Many may have heard the attempts to shift U.S. education increasingly toward STEM education: science, technology, engineering, and mathematics focused classrooms and programs. A big prompt for this movement is the growth of technology in our society with a lack of qualified professionals to move forward. While many professions may be interchangeable, it is difficult for individuals without a STEM degree to enter a STEM field. STEM degrees, however, transfer into skills in non-STEM related fields – at least, that’s been the established belief.
Importance of the Arts
STEAM stands for science, technology, engineering, arts, and mathematics. The arts are not exclusively just the visual arts.
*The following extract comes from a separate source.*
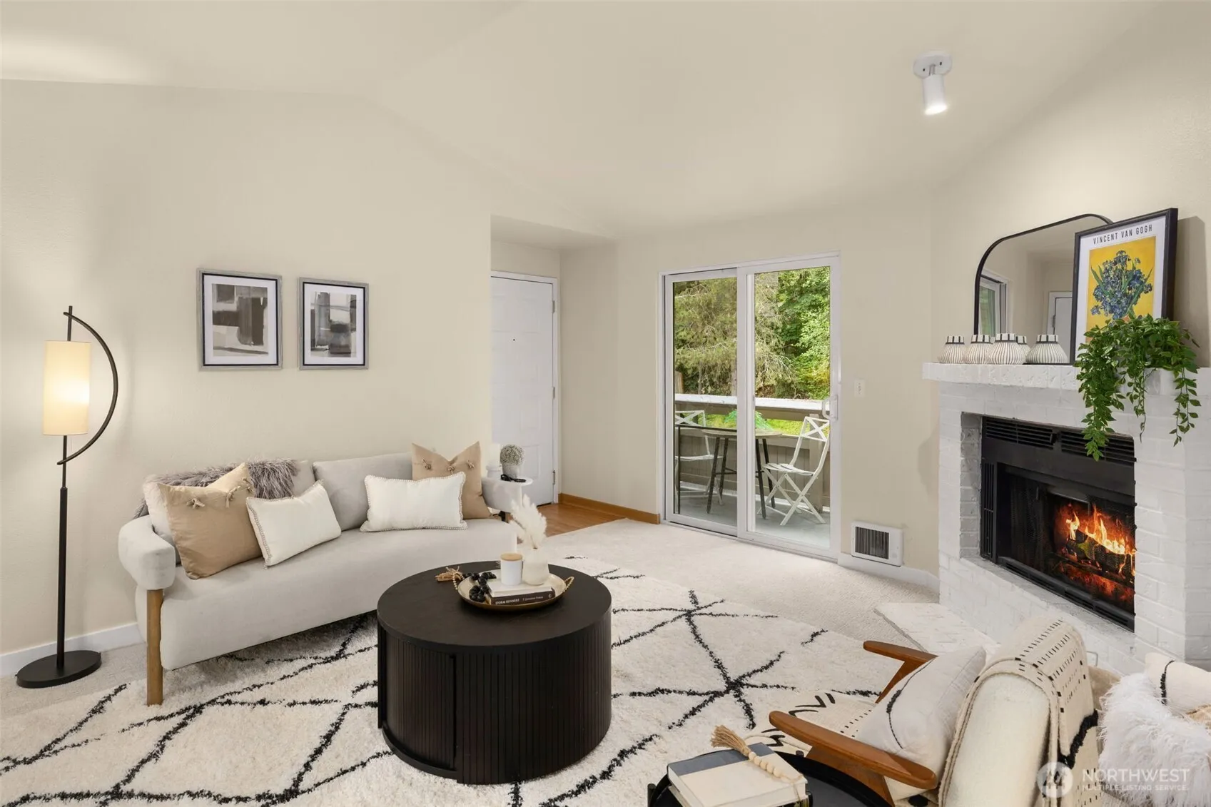 Welcome to this spacious top-floor condo in the heart of Woodinville. This inviting home features brand new carpet and luxury vinyl tile, a cozy wood-burning fireplace, and a smart layout with 2 bedrooms and 2 bathrooms on opposite sides for added privacy. Includes in-unit laundry, ample closet space, and assigned parking. Enjoy community amenities: outdoor pool, hot tub, gym, sport court, and clubhouse. Walk to shopping, dining, parks, and the Park & Ride. Explore over 130 wineries, breweries, and distilleries, plus seasonal events and farm-to-table restaurants that make Woodinville famous. Pet-friendly, no rental cap, and located in the award-winning Northshore School District. A perfect blend of comfort, location, and lifestyle.

Instead, the term arts encompass language and literary arts, fine arts, practical arts, as well as ties to integrate social sciences into the sciences category – hence the “why and by whom things are done” . The STEM movement has produced a sort of counter movement vying for the preservation of traditional aspects, and even the accentuation of aspects that have fallen by the wayside, of emphasizing the importance of art and history in the creative decision-making process. Indeed, creativity is a crucial facet when it comes to technology and engineering. Incorporation of the social sciences and arts into STEM through STEAM would promise a more flexible K-12 education that provides a wide pathway that gears students for success in post-secondary education within most fields.
Well-Rounded or Spear?
Two terms that come in focus in the minds of students, parents, and educators are the concepts of a “well-rounded” student and a student who is a “spear”. Essentially, these terms contrast how a student highlights their interests in a specific direction. A STEM education might mold a student into more of a spear, while a STEAM education is more well-rounded. There has been a shift in preference amongst universities and employers to candidates that seem like spears – is this bad news for STEAM? Not necessarily. Of course, a candidate who is a specialist or expresses mastery in their respective field is ideal. For students who know that STEM is their passion, a STEM program is the ideal solution for them. However, it is best to think of STEAM as an initiative that would work great in synergy with STEM programs. STEAM is an important way to expose students to the concepts of engineering, sciences and mathematics, that have an affinity for the arts and social sciences. It gives students hands-on opportunities to see how letting their creativity flourish can have profound impacts in
advancing technology. While STEM programs are receiving investment by the Department of Education, the introduction of STEAM programs doesn’t have such a jumpstart . The gradual implementation of STEAM, whether local or broad, may usher in a wave of great change when it comes to meeting the growing STEM demand; this responsibility lies primarily at the level of our teachers and local educators.